*TASK DESCRIPTION:* Leaving out the images, reproduce every line of the data that follows exactly.

*DATA PROVIDED:*
....
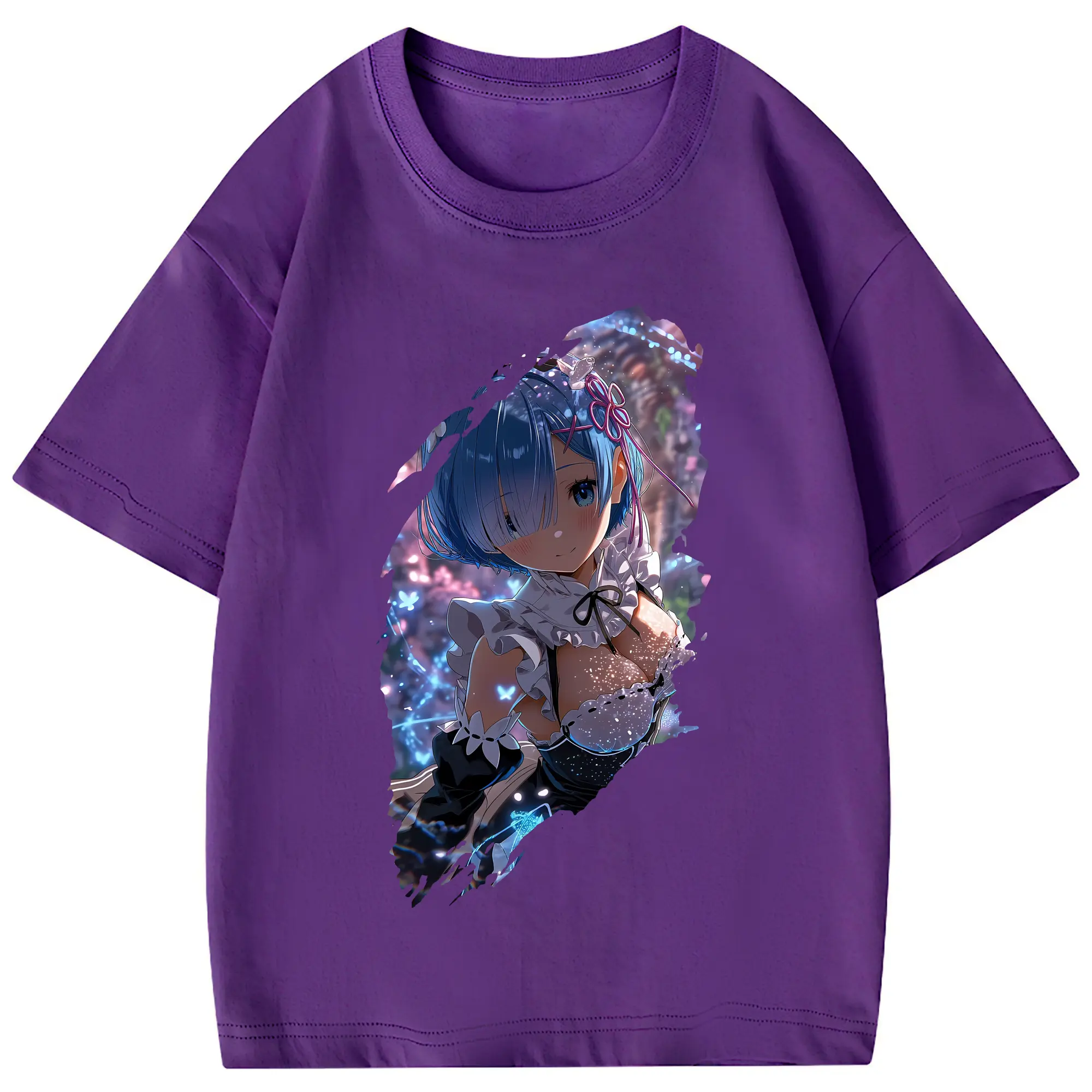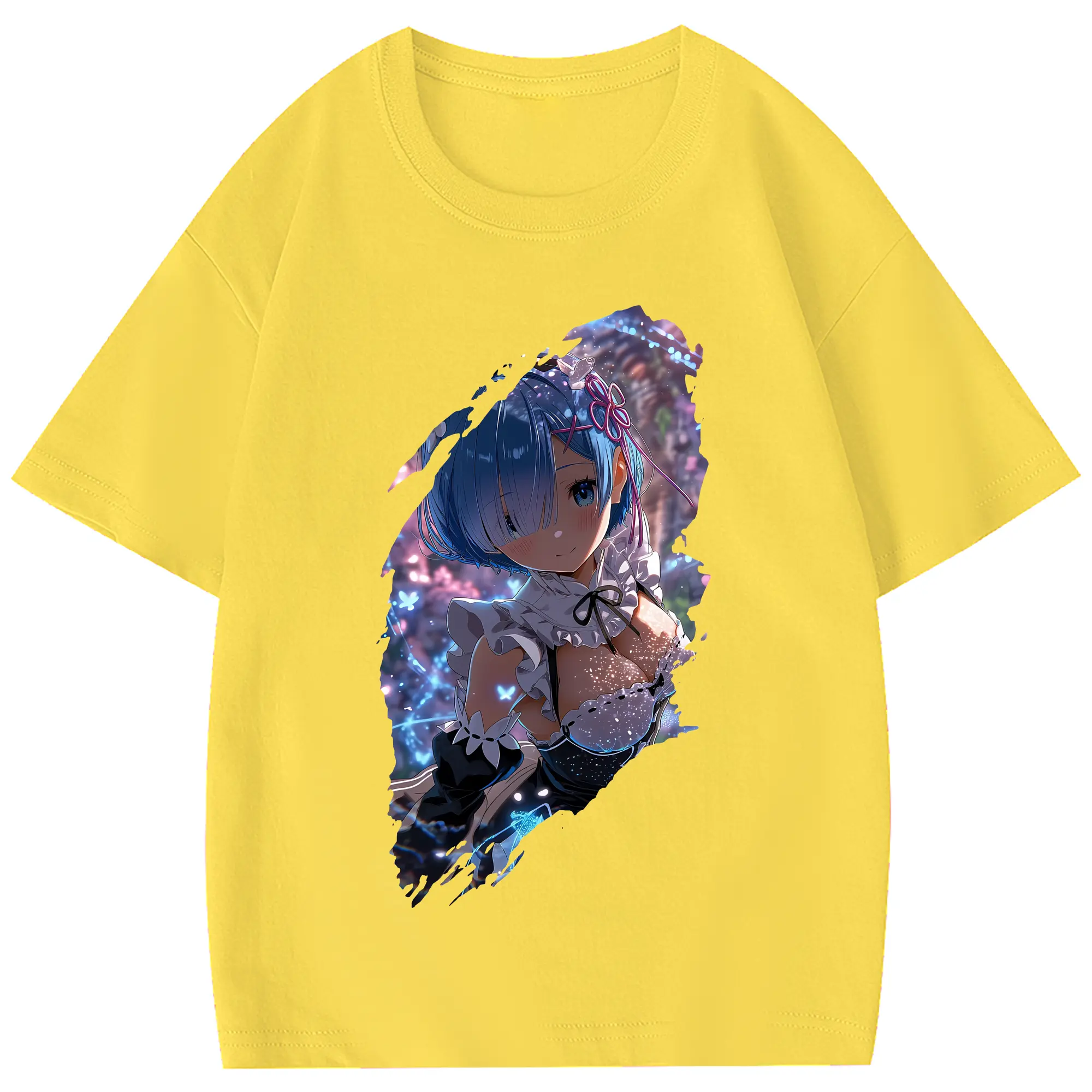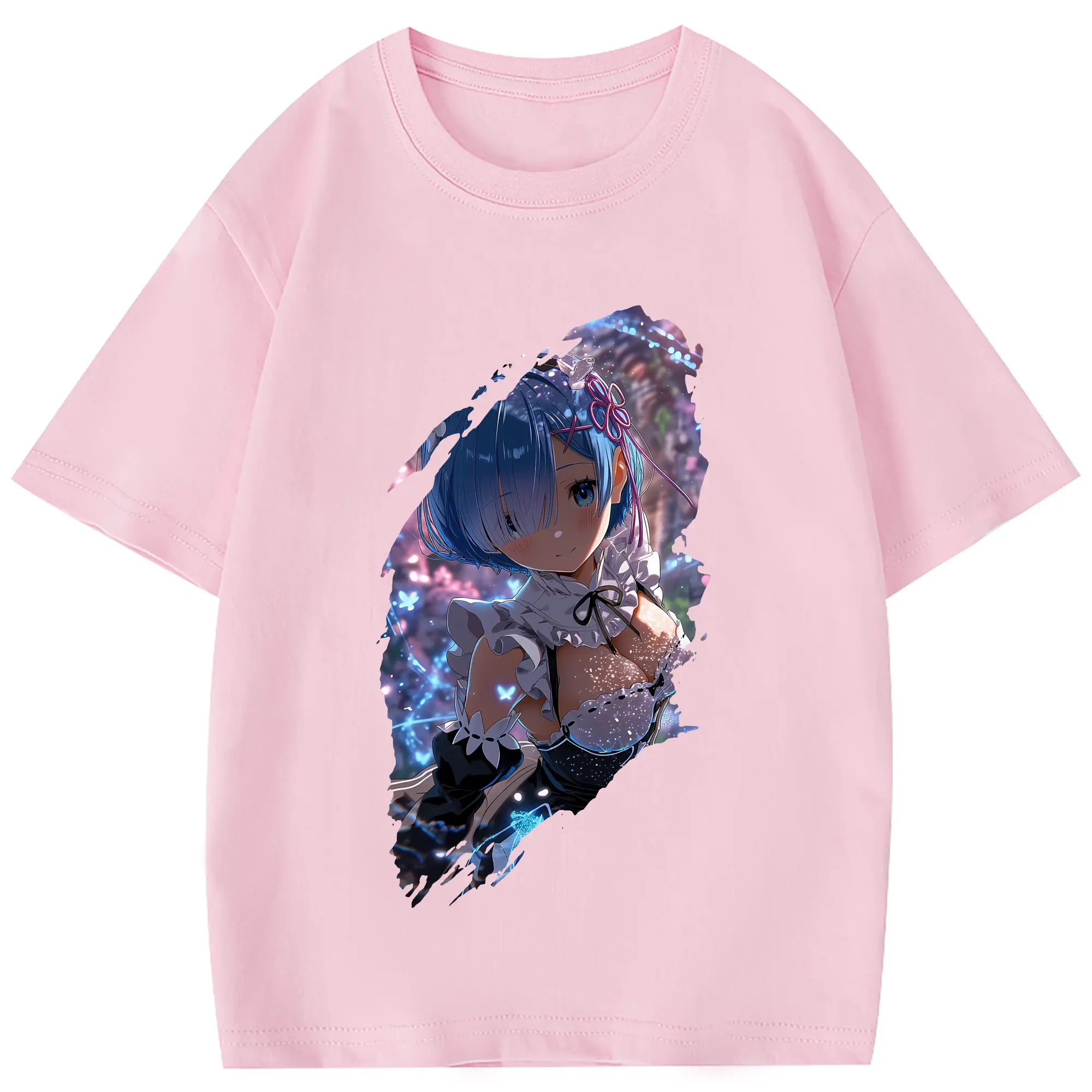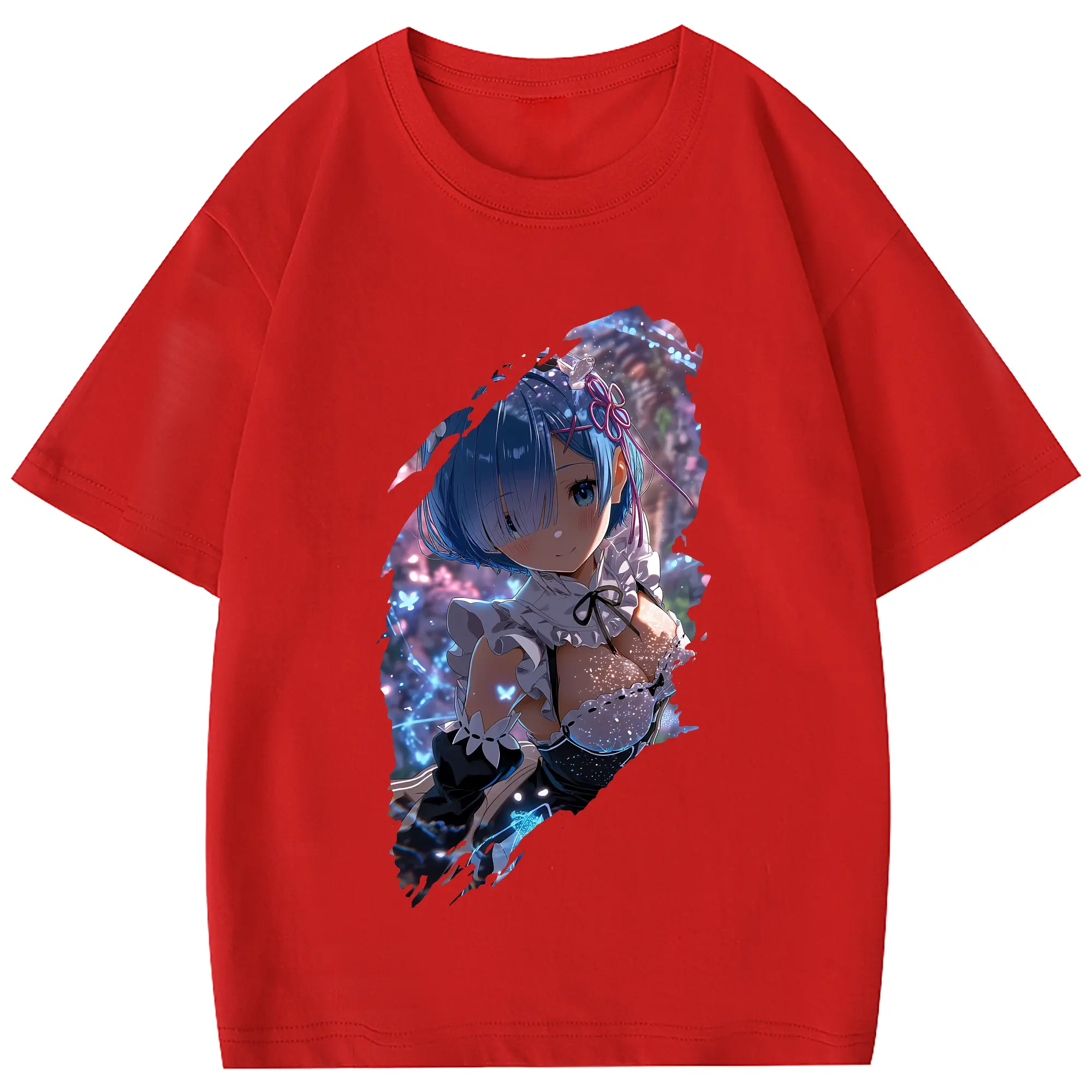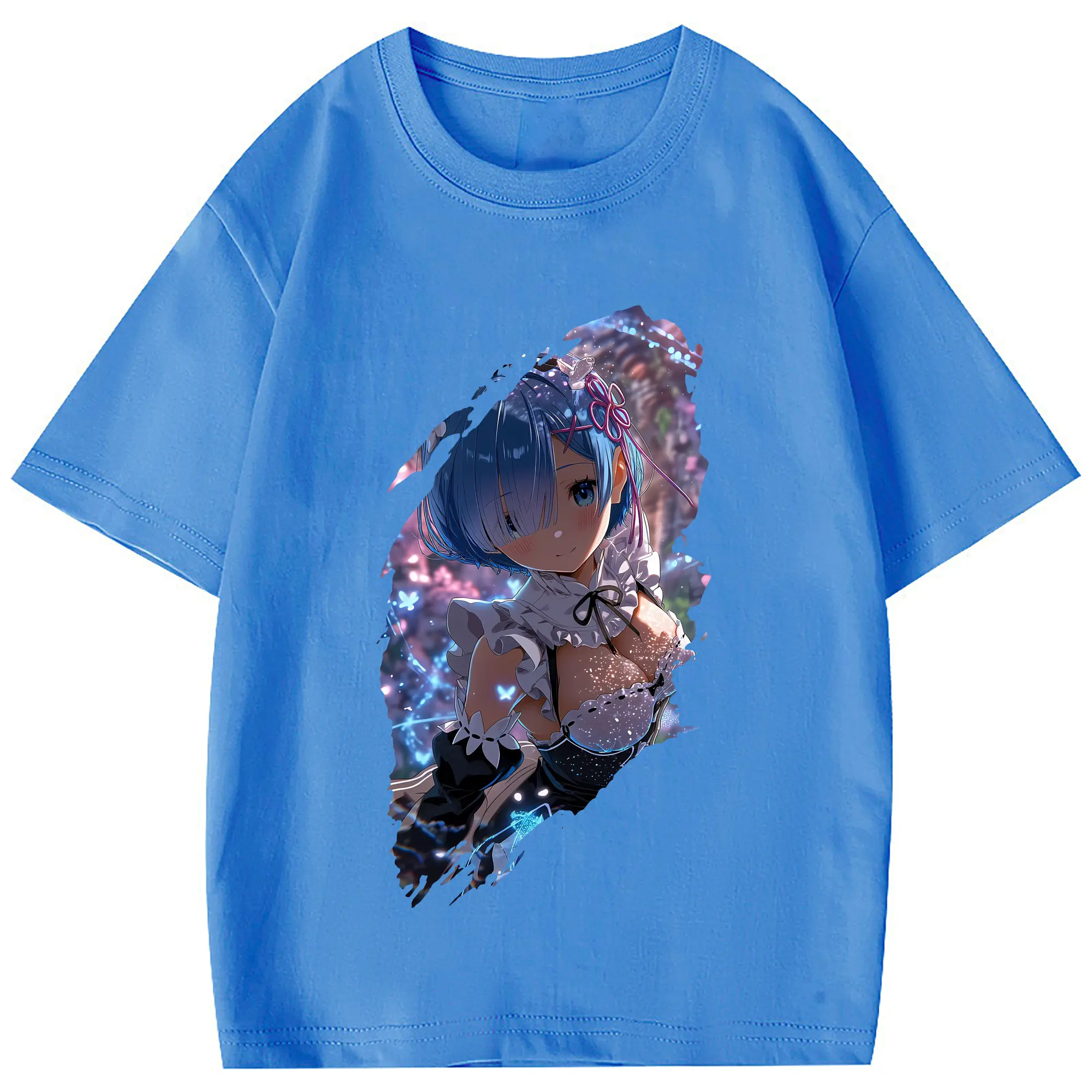 リゼロ グッズ レム - 綿100% 半袖Tシャツ ・ フロントプリント ・ 快適 通気性 ・ 日常使い 散歩 スポーツ用
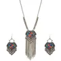 Zephyrr Jewellery Set German Silver Afghani Dangler Earrings Pendant Necklace Set
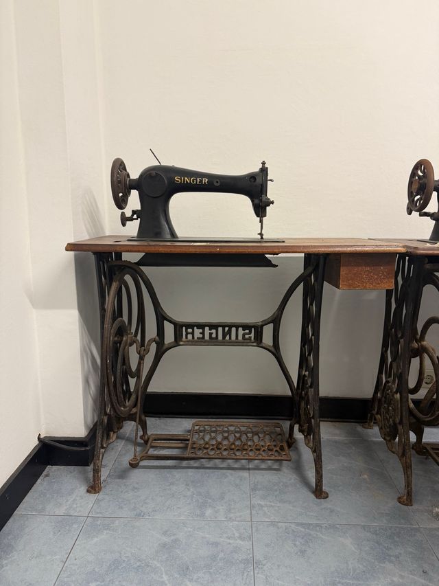 Detalles del productoMáquina de coser Singer de estilo antiguo, con su base de hierro fundido y pedal.
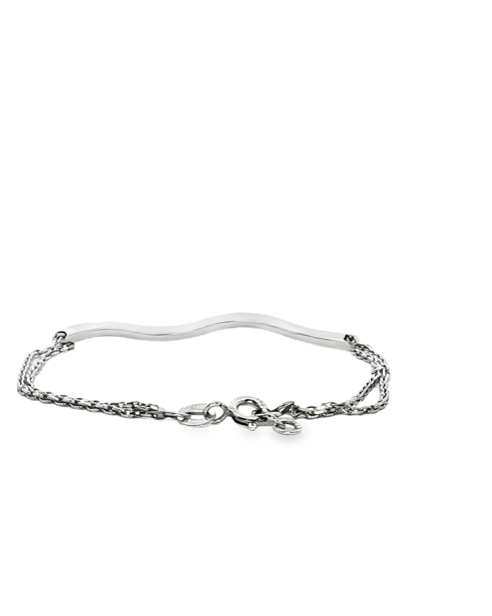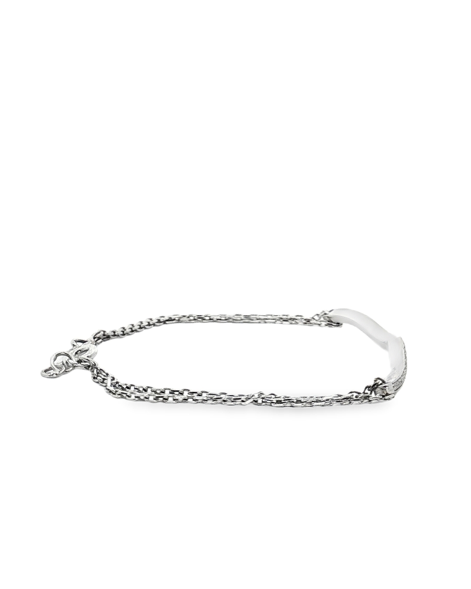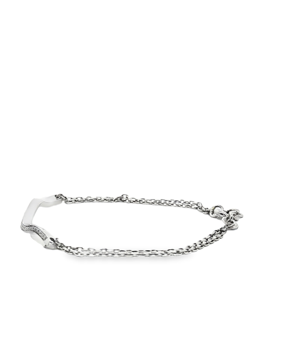 Elegant chain bracelet crafted in lustrous white gold. This exquisite piece features a sinuous band set with dazzling round cut diamonds showcasing brilliant sparkle. A sophisticated accessory that adds a touch of luxury to any ensemble.
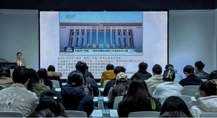 11月29日,音乐舞蹈学院党总支副书记邓丽同志,在学院演播厅为音乐舞蹈学院入党积极分子、团学干部代表以“凝聚改革共识 激发奋进力量——学习领会党的二十届三中全会精神”为题,讲了一堂生动的主题党课。课上邓书记给同学们梳理了党的二十届三中全会召开的概况,组织同学们重点学习了《中共中央关于进一步全面深化改革 推进中国式现代化的决定》(进一步全面深化改革的重大意义和总体要求);结合结合新时代大学生成长成才重点阐述了作为新时代大学生如何正确认识支持党中央的决策部署,以及作为新时代大学生如何将个人成长融入国家发展等问题。现场的同学们哥哥聚精会神,收获满满。
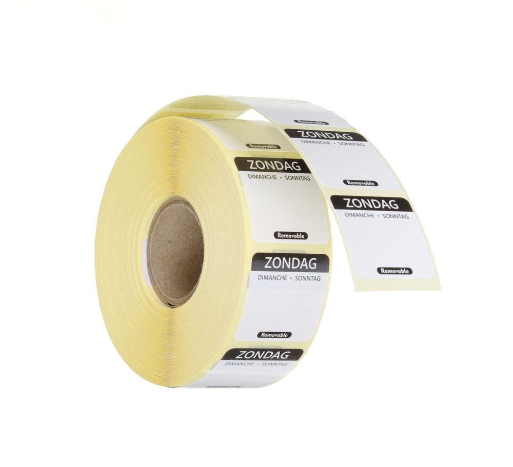 Platz für zusätzliche Notizen. Anzahl Aufkleber pro Rolle: 1000 Stk. Jeder Wochentag mit einer anderen Farbe. Etikett in 3 Sprachen: Niederländisch, Französisch und Deutsch.
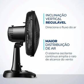 Descrição O Ventilador de Mesa Mondial VSP-30-B é um equipamento confiável e prático para garantir um ambiente mais fresco e agradável nos dias quentes. Com sua potência e eficiência, proporciona um fluxo de ar constante e refrescante, enquanto seu design compacto e seu modelo de mesa permite que seja facilmente posicionado ou transportado para qualquer espaço de forma rápida e fácil. CARACTERÍSTICAS: - Potência e eficiência para um fluxo de ar constante e refrescante - Design compacto e versátil, adequado para diferentes ambientes - Operação silenciosa para um ambiente tranquilo - Inclinação ajustável para direcionar o fluxo de ar conforme necessário ESPECIFICAÇÕES TÉCNICAS: Marca: Mondial Cor: Preto Modelo: VSP-30 Voltagem: 110V Potência: 60W Velocidades: 3 Diâmetro da Hélice: 30cm Número de pás: 6 Oscilante: Sim Tipo: Ventilador de Mesa DIMENSÕES: Altura: 49cm Largura: 35cm Comprimento: 24,5cm Peso: 1,670kg DICA DO MINEIRINHO: Posicione o Ventilador em uma superfície estável e nivelada para garantir seu funcionamento adequado e seguro. DÚVIDAS FREQUENTES: - Qual é a potência deste ventilador? A potência do Ventilador é de 60W, proporcionando um desempenho eficaz e econômico. - Como limpar este ventilador? Para limpar, desligue-o e desconecte da tomada. Use um pano macio e seco para limpar as pás e a grade. Evite o uso de água ou produtos químicos. - É possível ajustar a inclinação do ventilador? Sim, a inclinação do ventilador pode ser ajustada para direcionar o fluxo de ar conforme necessário. - O ventilador é silencioso? Sim, este ventilador opera de forma mais silenciosa para proporcionar um ambiente tranquilo e agradável. ITENS INCLUSOS: 01 Ventilador de Mesa Mondial VSP-30 01 Manual de Instruções
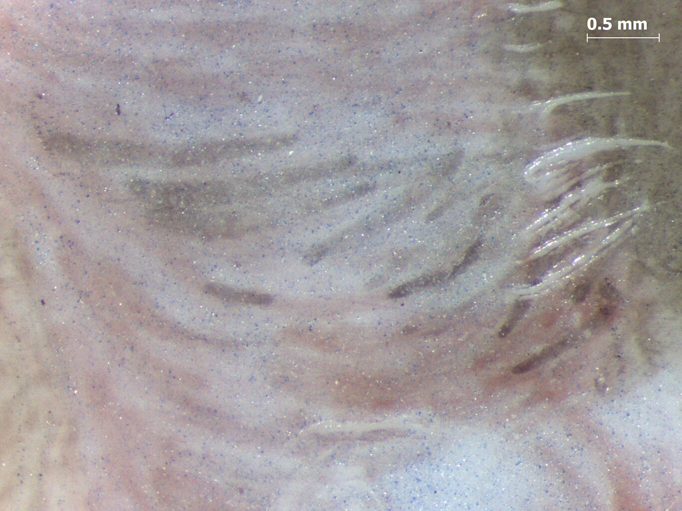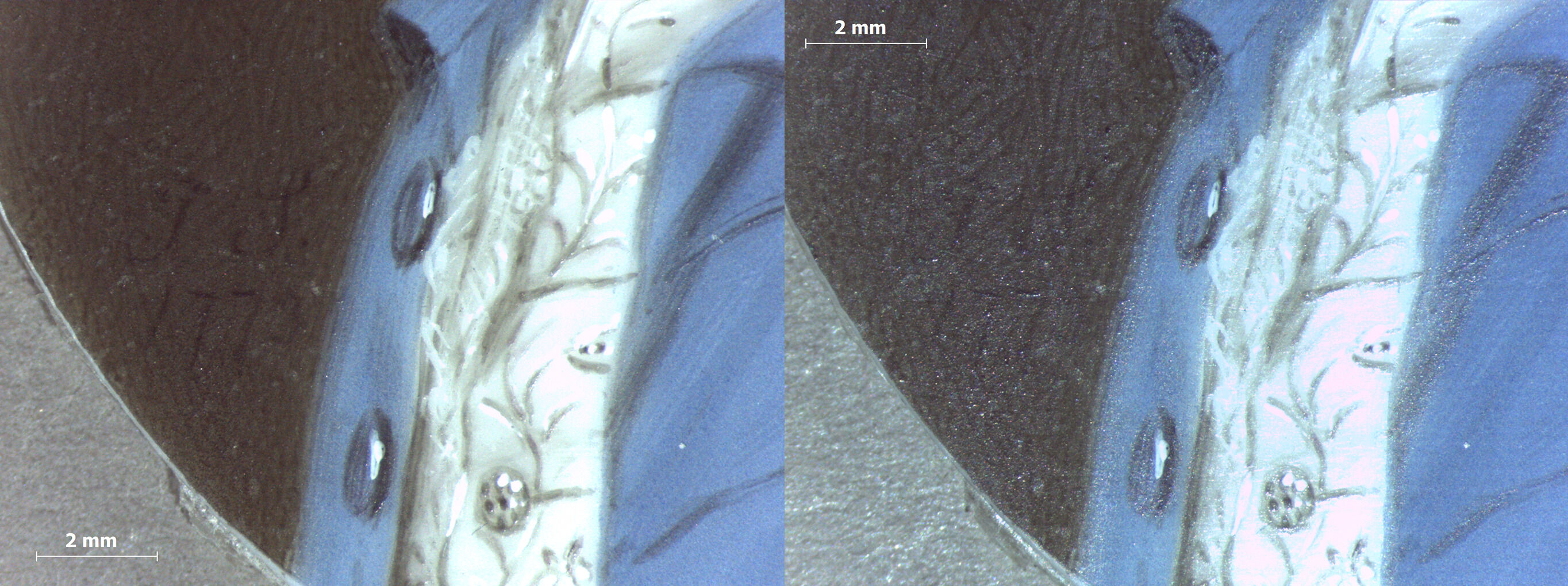 The lips were painted with two colors: deep magenta on the upper lip and a lighter peach color for the lower lip (Fig. 3). This dual lip color is a characteristic that has been observed on other Smart portraits in the Nelson-Atkins collection.8See the entire collection of miniatures by John Smart in this catalogue: https://nelson-atkins.org/starr/contents/Volume-4/John-Smart/. Thin lines of opaque red-brown pigment applied between the lips add further definition, followed by a final layer of clear glazing. A white highlight was added on the cleft, and bare ivory was used as a highlight along the lower lip line. Magenta hatching along the upper lip creates the faint appearance of a five o’clock shadow.
....
*TASK ANSWER:*
 リゼロ グッズ レム - 綿100% 半袖Tシャツ ・ フロントプリント ・ 快適 通気性 ・ 日常使い 散歩 スポーツ用
 Zephyrr Jewellery Set German Silver Afghani Dangler Earrings Pendant Necklace Set
 Detalles del productoMáquina de coser Singer de estilo antiguo, con su base de hierro fundido y pedal.
 Elegant chain bracelet crafted in lustrous white gold. This exquisite piece features a sinuous band set with dazzling round cut diamonds showcasing brilliant sparkle. A sophisticated accessory that adds a touch of luxury to any ensemble.
 11月29日,音乐舞蹈学院党总支副书记邓丽同志,在学院演播厅为音乐舞蹈学院入党积极分子、团学干部代表以“凝聚改革共识 激发奋进力量——学习领会党的二十届三中全会精神”为题,讲了一堂生动的主题党课。课上邓书记给同学们梳理了党的二十届三中全会召开的概况,组织同学们重点学习了《中共中央关于进一步全面深化改革 推进中国式现代化的决定》(进一步全面深化改革的重大意义和总体要求);结合结合新时代大学生成长成才重点阐述了作为新时代大学生如何正确认识支持党中央的决策部署,以及作为新时代大学生如何将个人成长融入国家发展等问题。现场的同学们哥哥聚精会神,收获满满。
 Platz für zusätzliche Notizen. Anzahl Aufkleber pro Rolle: 1000 Stk. Jeder Wochentag mit einer anderen Farbe. Etikett in 3 Sprachen: Niederländisch, Französisch und Deutsch.
 Descrição O Ventilador de Mesa Mondial VSP-30-B é um equipamento confiável e prático para garantir um ambiente mais fresco e agradável nos dias quentes. Com sua potência e eficiência, proporciona um fluxo de ar constante e refrescante, enquanto seu design compacto e seu modelo de mesa permite que seja facilmente posicionado ou transportado para qualquer espaço de forma rápida e fácil. CARACTERÍSTICAS: - Potência e eficiência para um fluxo de ar constante e refrescante - Design compacto e versátil, adequado para diferentes ambientes - Operação silenciosa para um ambiente tranquilo - Inclinação ajustável para direcionar o fluxo de ar conforme necessário ESPECIFICAÇÕES TÉCNICAS: Marca: Mondial Cor: Preto Modelo: VSP-30 Voltagem: 110V Potência: 60W Velocidades: 3 Diâmetro da Hélice: 30cm Número de pás: 6 Oscilante: Sim Tipo: Ventilador de Mesa DIMENSÕES: Altura: 49cm Largura: 35cm Comprimento: 24,5cm Peso: 1,670kg DICA DO MINEIRINHO: Posicione o Ventilador em uma superfície estável e nivelada para garantir seu funcionamento adequado e seguro. DÚVIDAS FREQUENTES: - Qual é a potência deste ventilador? A potência do Ventilador é de 60W, proporcionando um desempenho eficaz e econômico. - Como limpar este ventilador? Para limpar, desligue-o e desconecte da tomada. Use um pano macio e seco para limpar as pás e a grade. Evite o uso de água ou produtos químicos. - É possível ajustar a inclinação do ventilador? Sim, a inclinação do ventilador pode ser ajustada para direcionar o fluxo de ar conforme necessário. - O ventilador é silencioso? Sim, este ventilador opera de forma mais silenciosa para proporcionar um ambiente tranquilo e agradável. ITENS INCLUSOS: 01 Ventilador de Mesa Mondial VSP-30 01 Manual de Instruções
 The lips were painted with two colors: deep magenta on the upper lip and a lighter peach color for the lower lip (Fig. 3). This dual lip color is a characteristic that has been observed on other Smart portraits in the Nelson-Atkins collection.8See the entire collection of miniatures by John Smart in this catalogue: https://nelson-atkins.org/starr/contents/Volume-4/John-Smart/. Thin lines of opaque red-brown pigment applied between the lips add further definition, followed by a final layer of clear glazing. A white highlight was added on the cleft, and bare ivory was used as a highlight along the lower lip line. Magenta hatching along the upper lip creates the faint appearance of a five o’clock shadow.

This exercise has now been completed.